After the war, Dr Vartan travelled to the UK, receiving medical training through EMMS. He eventually moved to Nazareth, where he worked as a medical missionary, setting up a four-bed clinic in 1861: the first one in Ottoman Galilee. That small clinic soon became the Nazareth Hospital, which is now the main trauma centre offering acute care in Nazareth.

Royal College of Surgeons of Edinburgh Diploma, awarded to Vartan and two other students in 1861 Sometime after that, EMMS sent a representative to check up on the progress of their former student.


The organisation was so impressed by Dr Vartan’s work that they decided to sponsor his clinic, steering EMMS in a new direction.
When Dr Vartan returned to Edinburgh in 1866, he met his future wife, Mary Anne Stewart.
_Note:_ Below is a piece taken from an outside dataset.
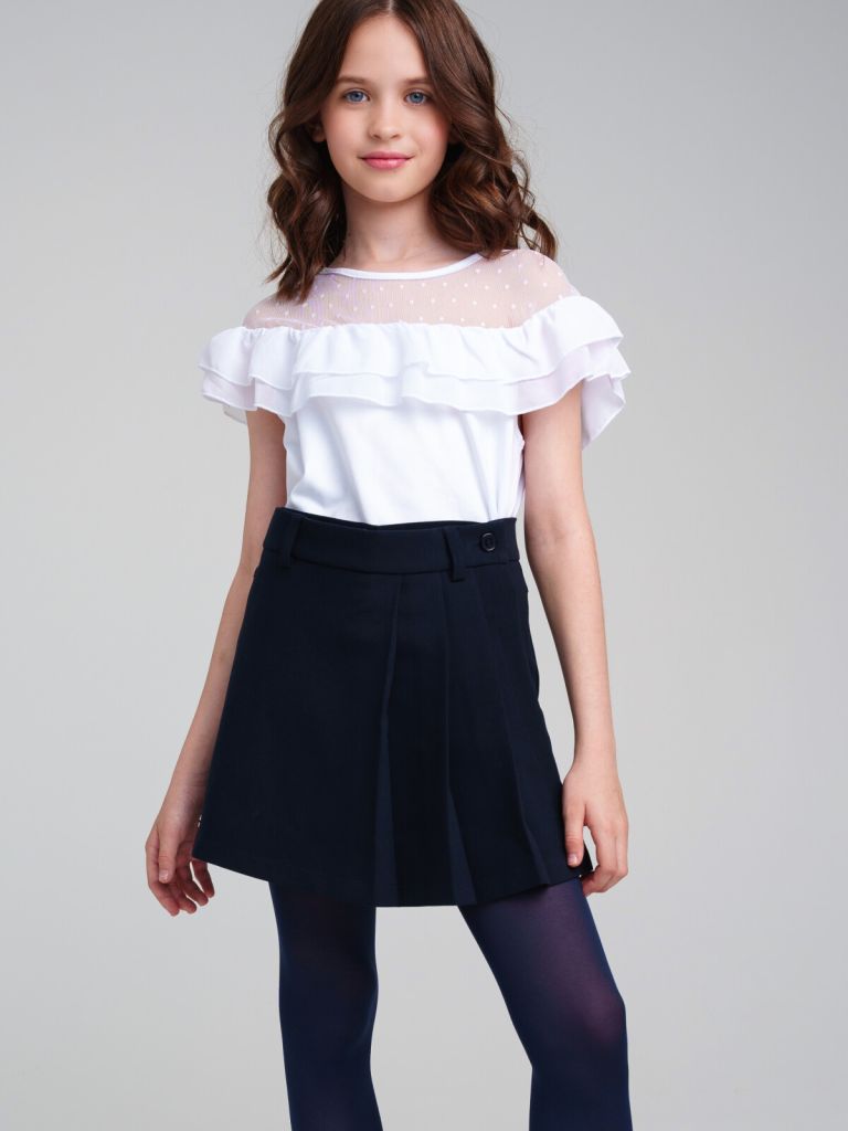 Школьная синяя юбка-шорты для девочки подростка. Юбка-шорты выполнены из ткани non-iron, которая не требует глажки после стирки, и не сминаются в течение дня, что так важно для школы. Лаконичный дизайн делает шорты элегантными, идеально подходящими и к повседневному, и к нарядному образу девочки. Юбка-шорты с застежкой на молнию и пуговицу отлично подойдут в школу на теплое время года. Внутренняя утяжка по талии.

She had grown up in a ministry family, and her diaries reveal that she had long envisioned herself becoming the wife of a missionary.
In 1867, Dr Vartan and Mary Anne were married by her father in their family home in Edinburgh. That very same day, the couple travelled to Nazareth to continue the work that Dr Vartan had started, with Mary Anne working alongside her husband as a nurse.
The Vartan’s clinic developed over time into the Nazareth Hospital. In 2001, EMMS split into two independent charities, one of which was EMMS Nazareth, which runs the hospital today. EMMS Nazareth is currently known as the Nazareth Trust and is one of the largest Scottish charities. Our UK headquarters is based in Edinburgh, the city where it all began more than 160 years ago.